The South African cricket team comprise some of the most highly ranked players in the world as documented by the International Cricket Council (ICC) in all three formats of the game, particularly in the One-Day International (ODI) format. Despite these accolades, inevitably, the question arises as to why the team (currently ranked in the top 5 across all formats) repeatedly fail to advance and win world stage tournaments.
Factors contributing to the Proteas’ downfall during ICC tournaments
It is noteworthy to assess whether batting first or second plays a significant role in the success of the South African team as observed from their history at the World Cups. As seen in Table 1, South Africa had lost three of their knockout games in 1992, 2003 and 2015 resulting in a Duckworth-Lewis (D/L) prediction. Had the D/L method provided the basis of purely bad luck or was it also a poor interpretation of this method by the Proteas in the 2003 World Cup? The table also shows that South Africa had batted second, five times out of their seven World Cup knockout game defeats. The only ICC trophy that the Proteas can be proud of is the Champions Trophy in 1998 and even then they had batted first to win the game against the West Indies by four wickets. Therefore, are South Africa more successful at batting first in ICC tournaments and more successful at batting second in yearly ODI matches? This is quote a relative question. In addition, South Africa only batted first on two occasions when they lost in a semi-final match in both 2007 and 2015 against Australia and New Zealand, respectively (Table 1).
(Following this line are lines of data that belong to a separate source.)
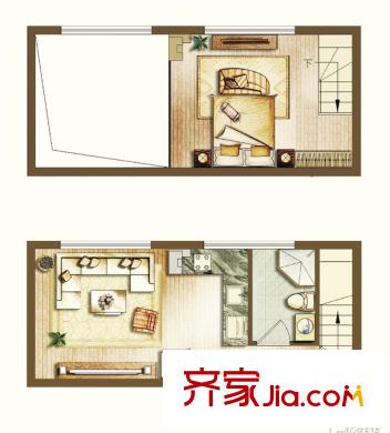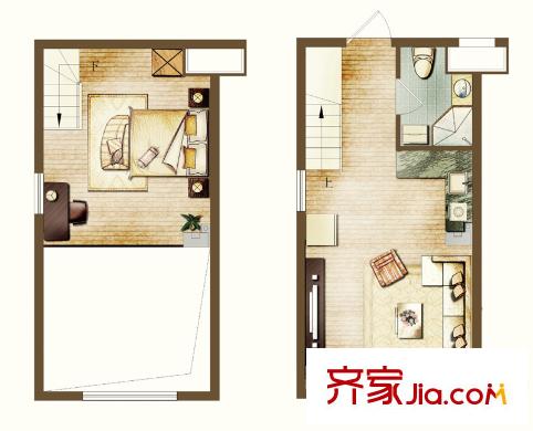 中经世界城一期LOFT公寓B户型 1室1厅1卫1厨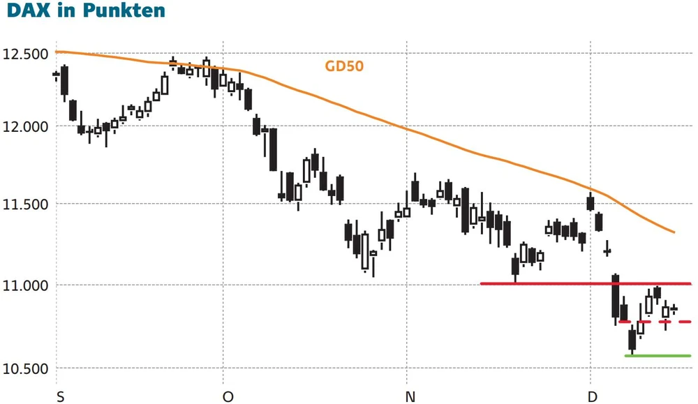 Aus technischer Sicht könnte man dem DAX die Absicht einer Bodenbildung unterstellen. Seit dem Verlaufstief bei 10.585 pendelt er volatil um die Marke von 10.800. Für die Bullen wäre ein Anstieg über 11.000 das züdende Signal, bei einem Rutsch unter das Tief vom Freitag (10.733) heißt es "Anschnallen!"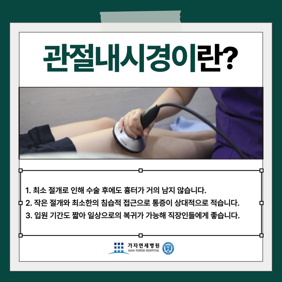 비수술적 치료에도 불구하고 증상이 악화되거나, 통증이 매우 심해 일상생활이 불가능할 정도라면 수술적 치료가 필요할 수 있는데요. 이때 많이 활용되는 방법 중 하나가 관절내시경 수술이죠.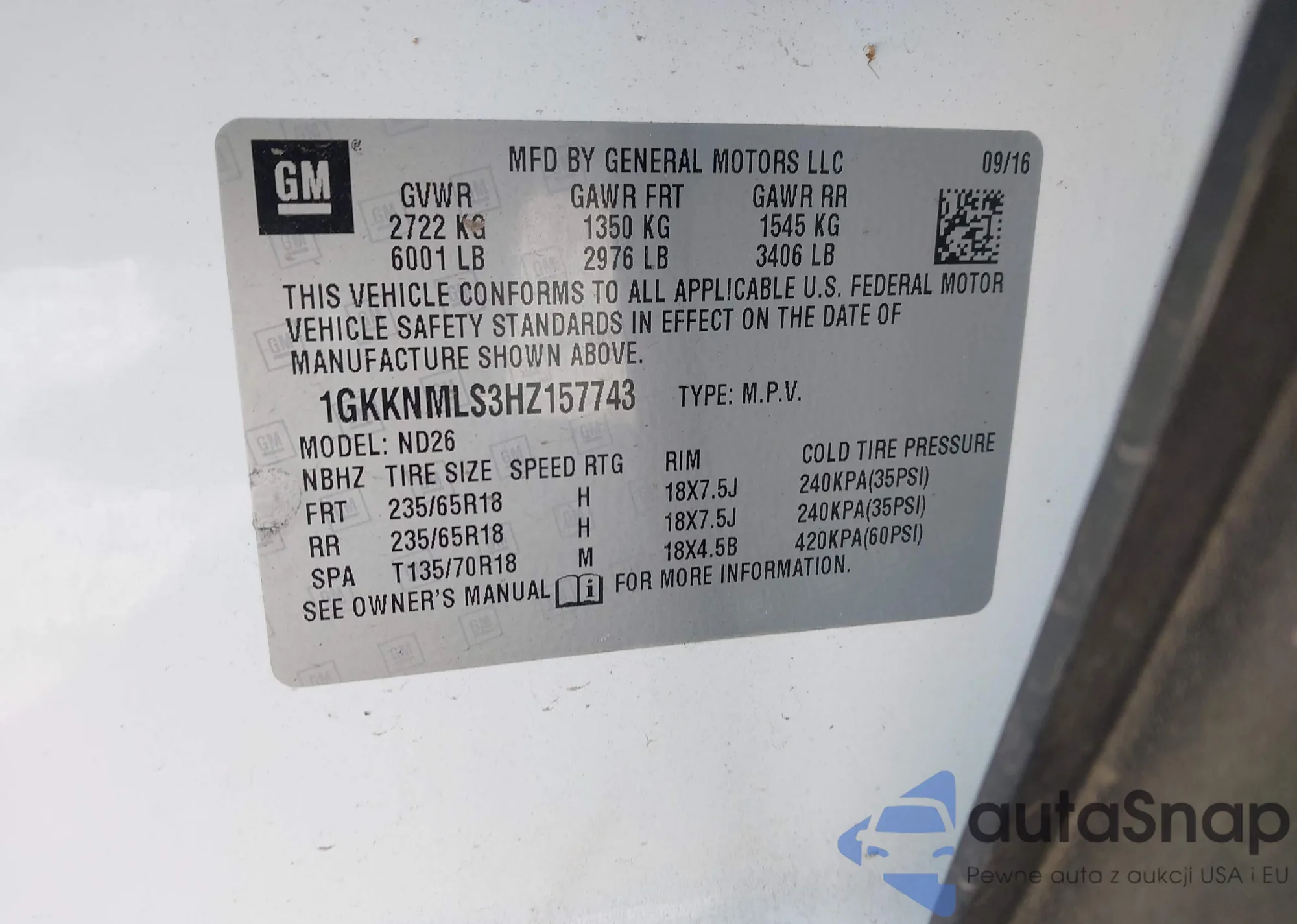 LOT: 44325866 VIN: 1GKKNULS7LZ237300

Interestingly, South Africa had only reached the semi-finals in commonwealth nations (Australia in 1992 and 2015; England in 1999 and West Indies in 2007), the quarter-finals in the Middle-East (1996 and 2011) and regrettably, the first round their own backyard.
Furthermore, the nature and variances of the team in the last two decades have changed considerably with only nine players having represented South Africa at three or more World Cups and more than six new players representing South Africa in their first World Cup campaign. Whilst some may argue that this could be the reason for the failure of the team to advance, there is a much more interesting question to address; why have Australia dominated the Cricket World Cup for close to a decade between 1999 and 2007 where they also had similar variances in the team with just more than four players representing their country in more than three World Cups? This could either be due to a number of reasons such as their core players achieving higher rankings than the South African team. Whilst this element is noted, the consistency of the Australian team in the three World Cups with only fewer players having been changed can also be considered. In addition, they had also provided efforts behind the mental toughness for game preparation and was not just favourable luck or sheer class performances by the Australians.
One determinant that can affect a team variation is the South African transformation charter in sport. Although the transformation and quota policy was only administered after the 1999 Cricket World Cup, it is still interesting to notice the shift in team dynamics in the last decade. Figure 1 shows that only one quota player (based on merit selection) was at the 1992, 1996 and 1999 world cups respectively. From the 2003 World Cup, the quota of players had increased until the 2015 World Cup. The dip in quota players during the 2011 World Cup is due to some players wanting only to be selected on the basis of merit and not quotas (Figure 1). As such, the transformation in South African sport can potentially be placing a burden on national and international sport players and should rather be focused at grass-root levels. Therefore, the said top-bottom approach needs to be replaced with a bottom-top approach.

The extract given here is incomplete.